The Name Game – Remembering the Names of the People You Meet

Names are important. We name everything. Every object has a name. Trees and bushes aren’t the same. We grow the flowers and pull the weeds. We give proper names to our pets, farm animals and of course, our children. And for our entire life, our name is how we are known to ourselves and those around us.

My name is Kristine – with a K – but even if I don’t tell people it starts with a K, they still get confused.

Recently I went out with friends and the waitress volunteered to start a tab. She asked me for my name and I told her, “Kristine, with a K.” Feeling a little silly, I added, “I don’t really care how you spell it, as long as you say it right.”

And that’s the truth. I really don’t care how you spell it as long as you don’t call me Kristen, Kristina, or Christian. And, please, don’t shorten my name to Kris.

However, for some reason, when I say my name is Kristine, they write Kristen or Kristene, or something else that isn’t Christine or Kristine. It leaves me just baffled! I want to tell them: It’s just like gasoline, or trampoline. Maybe they’ve heard Kristin and it doesn’t matter what they write, because they’re remembering Kristin.

A large part of our identity is wrapped up in our name. It’s a large part of how we think of ourselves. For years, when I was in high school, people called me Kris. I was too embarrassed to tell them I didn’t like it; so I went along with it. After I left high school, I learned to tell people, “I prefer Kristine.” Most people have been fine with this simple statement. Some have informed me that, “It’s the same thing.” And a few have just missed the message altogether.

If you get someone’s name wrong and he or she corrects you, make sure that you remember that moment and that you say the name right from that point forward. There is nothing more awkward than having to correct someone every single time you see them. Or worse – Finding out months later that Carol’s name is actually Stephanie!

Can’t remember a name? Just ask. Even if you ask multiple times, it’s better than getting it wrong multiple times. Use a simple phrase like, “I’m so sorry, I can’t remember your name.” Chances are the person you’re speaking to doesn’t remember your name either. It gives you both a chance to remember.

When you meet someone, his or her name should be the first thing about them that you remember. But it often is not. Suzanne is not Susan. Susan might not be Suzie. Suzie might not be Sue. Robert may not be a Rob or a Robbie. Maybe he’s a Bob but not a Bobby. Have you ever thought that it was appropriate to call someone named Bob, Robbie? Of course not!
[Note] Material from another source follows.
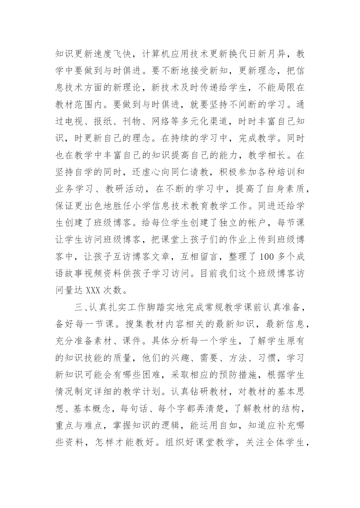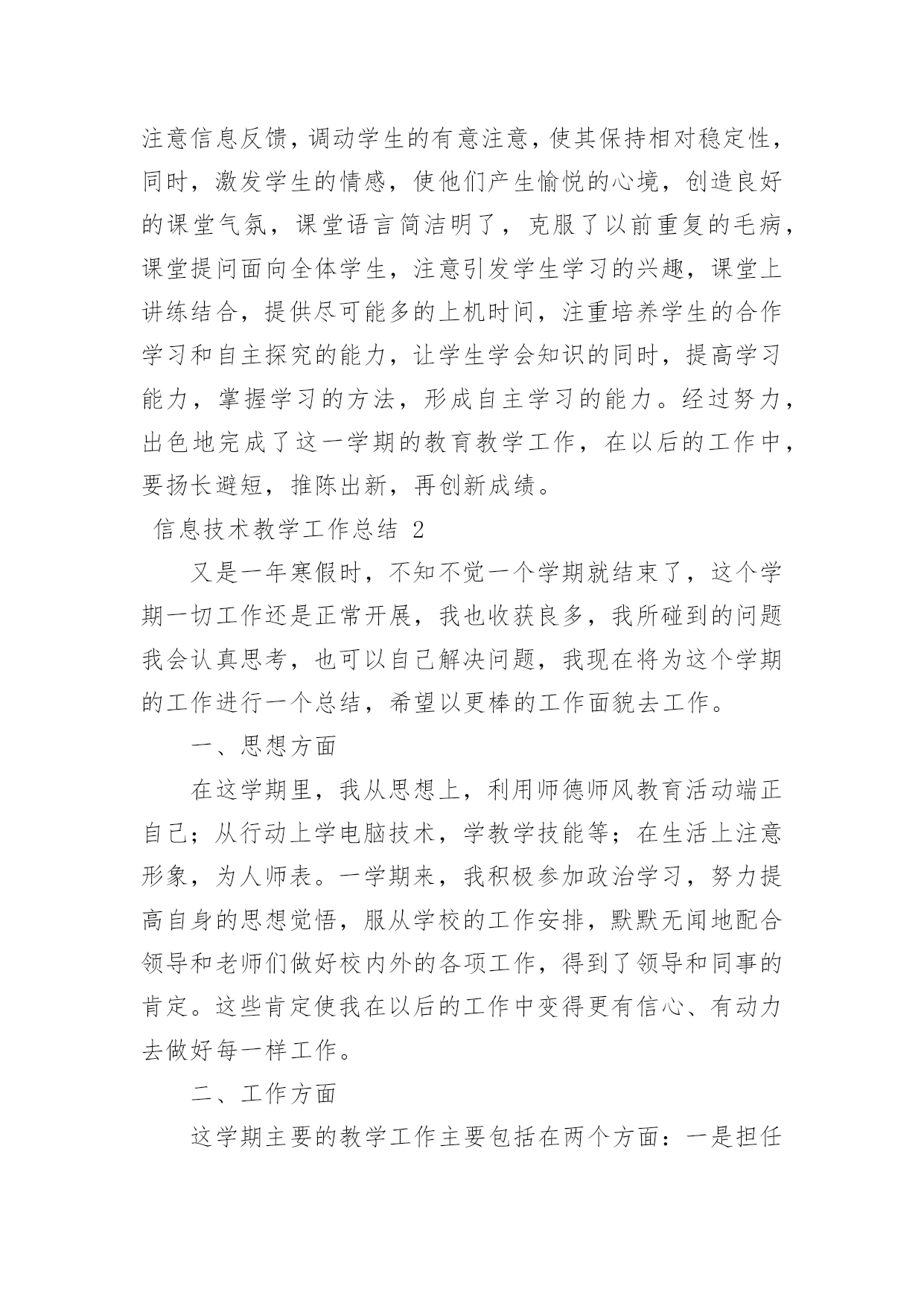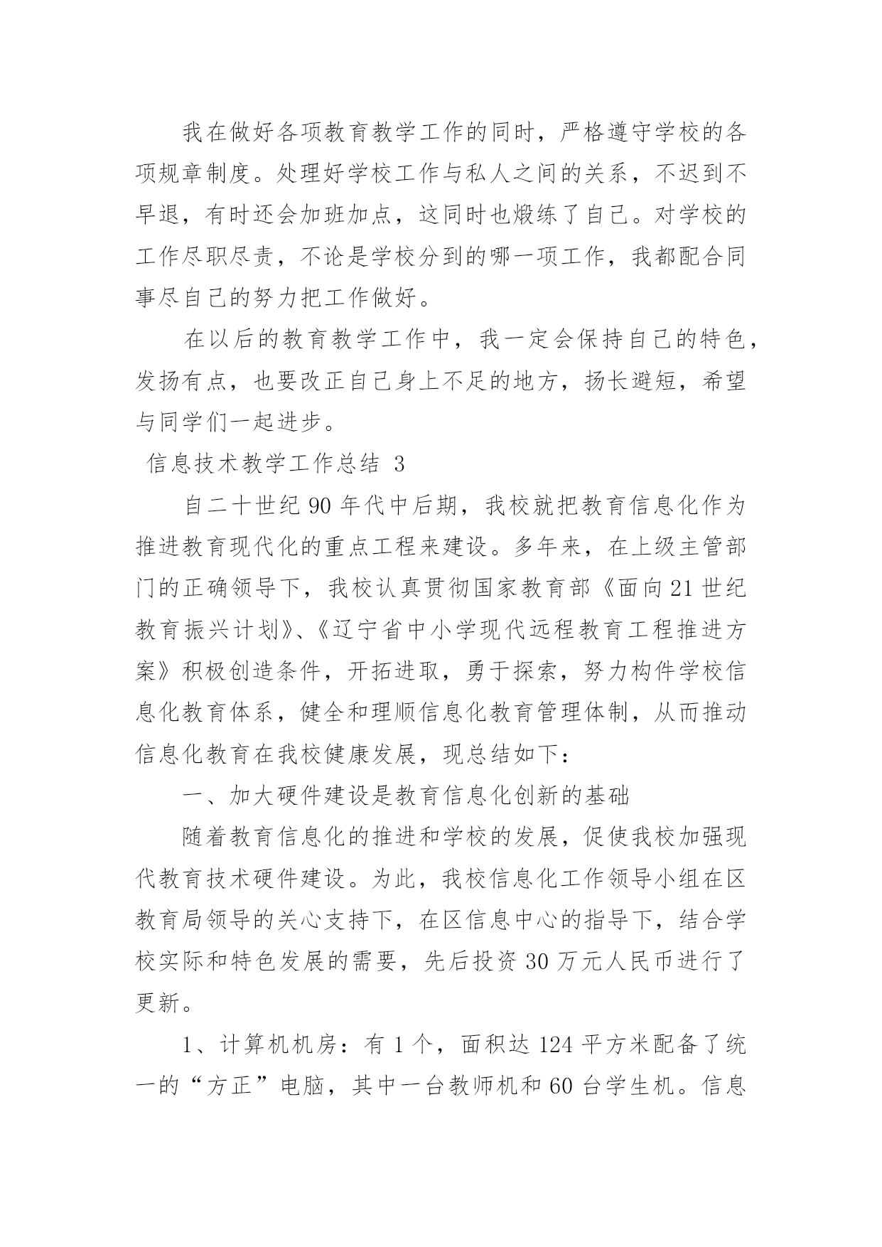 信息技术教学工作总结信息技术教学工作总结总结是在某一时期、某一项目或某些工作告一段落或者全部完成后进行回顾检查、分析评价,从而得出教训和一些规律性认识的一种书面材料,它可以使我们更有效率,不妨坐下来好好写写总结吧。总结怎么写才不会流于形式呢?下面是小编为大家收集的信息技术教学工作总结,欢迎阅读,希望大家能够喜欢。信息技术教学工作总结1本学期我担任小学五年级信息技术教育教学工作,每周8课时,教授6个教学班共计396名学生。其中五年级信息技术5课时5个教学班,330名学生,学前班美术3课时,66名学生。其他校务任务:自20xx年9月重新担任学校计算机教室管理员一职,负责机房电脑的维护,保证机房电脑正常运行服务于学生上好每节信息技术课;同时还负责学校文印室工作,即负责平时学校各处、各办公室文本复印,期中期末试卷速印等;再有协同郝老师维护学校电教设备等;最后,即每年固定不变的就是全校的校信通学校管理员一职,负责全校二千学生校信通卡维护更换工作,利用校讯通平台发而学校通知等工作。工作中,诚实正派,谦虚谨慎,严于律己,模范遵守社会公德、工作纪律和各项规章制度,服从组织和领导。忠于职守,认真负责,积极主动,创造性地执行学校教育教学工作计划,转变思想,积极探索,改革教学,把新课程标准的新思想、新理念和信息技术课堂教学的新思路、新设想结合起来,圆满完成学校交付的任务。一、重塑教育观念创造性进行教育教学本学期我认真学习新课程标准,发现《小学信息技术新课程标准》对教学内容,教学方式,教学评估教育价值观等多方面都提出了许多新的要求。为此,我不断更新教学理论理念,深入研究新的课标,从而对新课程标准的基本理念,设计思路,课程目标,内容标准及课程实施建议有了更深的了解,本学期我在新课程标准的指导下教育教学工作跃上了一个新的台阶。为保证新课程标准的落实,在课堂教学中,坚持学生为主体实行师生之间、学生之间互动,创造有利于学生主动探索的学习环境,使学生在获得知识和不断提高技能的同时,在情感、态度价值观等方面都能够充分发展。作为教学改革的基本指导思想,把信息技术教学看成是师生之间学生之间交往互动,共同发展的过程。课前精心备课,撰写教案,课后认真写反思,记下自己执教时的'切身体会或疏漏。在课堂教学中,坚持学生为主体,提倡自主性学习,学生在观察、操作、实验、讨论、交流、猜测、分析和整理的过程中,获得知识,增长能力。这样的探索实验让学生成了学习的主人,学习成了他们的需求,学中有发现,学中有乐趣,学中有收获。二、提高自身素质在学习中教学在教学中学习当今社会知识更新速度飞快,计算机应用技术更新换代日新月异,教学中要做到与时俱进。要不断地接受新知,更新理念,把信息技术方面的新理论,新技术及时传递给学生,不能局限在教材范围内。要做到与时俱进,就要坚持不间断的学习。通过电视、报纸、刊物、网络等多元化渠道,时时丰富自己知识,时更新自己的理念。在持续的学习中,完成教学。同时也在教学中丰富自己的知识提高自己的能力,教学相长。在坚持自学的同时,还虚心向同仁请教,积极参加各种培训和业务学习、教研活动,在不断的学习中,提高了自身素质,保证更出色地胜任小学信息技术教育教学工作。同进还给学生创建了班级博客。给每位学生创建了独立的帐户,每节课让学生访问班级博客,把课堂上孩子们的作业上传到班级博客中,让孩子互访博客文章,互相留言,整理了100多个成语故事视频资料供孩子学习访问。目前我们这个班级博客访问量达XXX次数。三、认真扎实工作脚踏实地完成常规教学课前认真准备,备好每一节课。搜集教材内容相关的最新知识,最新信息,充分准备素材、课件。具体分析每一个学生,了解学生原有的知识技能的质量,他们的兴趣、需要、方法、习惯,学习新知识可能会有哪些困难,采取相应的预防措施,根据学生情况制定详细的教学计划。认真钻研教材,对教材的基本思想、基本概念,每句话、每个字都弄清楚,了解教材的结构,重点与难点,掌握知识的逻辑,能运用自如,知道应补充哪些资料,怎样才能教好。组织好课堂教学,关注全体学生,注意信息反馈,调动学生的有意注意,使其保持相对稳定性,同时,激发学生的情感,使他们产生愉悦的心境,创造良好的课堂气氛,课堂语言简洁明了,克服了以前重复的毛病,课堂提问面向全体学生,注意引发学生学习的兴趣,课堂上讲练结合,提供尽可能多的上机时间,注重培养学生的合作学习和自主探究的能力,让学生学会知识的同时,提高学习能力,掌握学习的方法,形成自主学习的能力。经过努力,出色地完成了这一学期的教育教学工作,在以后的工作中,要扬长避短,推陈出新,再创新成绩。信息技术教学工作总结2又是一年寒假时,不知不觉一个学期就结束了,这个学期一切工作还是正常开展,我也收获良多,我所碰到的问题我会认真思考,也可以自己解决问题,我现在将为这个学期的工作

When someone introduces themselves by name, say it over and over in your head a few times. Look at that person in the face and connect the face with the name. Try to fit the name into conversation. Maybe ask, “How long have you worked at the Chemical Plant, John?” In this way, you make a connection for yourself between John and the chemical plant; but John also feels valued and feels that you are drawing him into the conversation. When you excuse yourself, say, “It was nice meeting you, John.” By doing this, you are saying, “You are important enough that I remember your name.”

Write it right. When you reach out to someone in print – take extra care to not misspell the name. I can’t tell you how many email replies and even Facebook replies have gotten my name wrong. And let’s tell the truth – Kristine is not a difficult name. When I get those replies, I admit that I judge the person sending them. It makes me feel like I don’t matter enough for them to look through the email or at the top of the Facebook Page and make sure to spell my name correctly. Some people even say that getting a name wrong is a microaggression. I’m not sure if I would agree with that – but when it’s so easy to get it right, I have to wonder a little if it could have been intentional to get it wrong.

Equally important, when you sign off of an email – make sure your own name is properly spelled and capitalized. Signing off with KRistine or Krisitne looks like you’re in too much of hurry to care about details. If you’re a business person, that little detail can mean the difference between landing work and missing out.

It’s been said that our names are the most important word in our worlds. Certainly, it is probably the most used word that we hear in our lifetimes.

When other people recognize us by name and get it right, it brightens our day and makes us feel important. So, make the effort to use names and call people by the right name!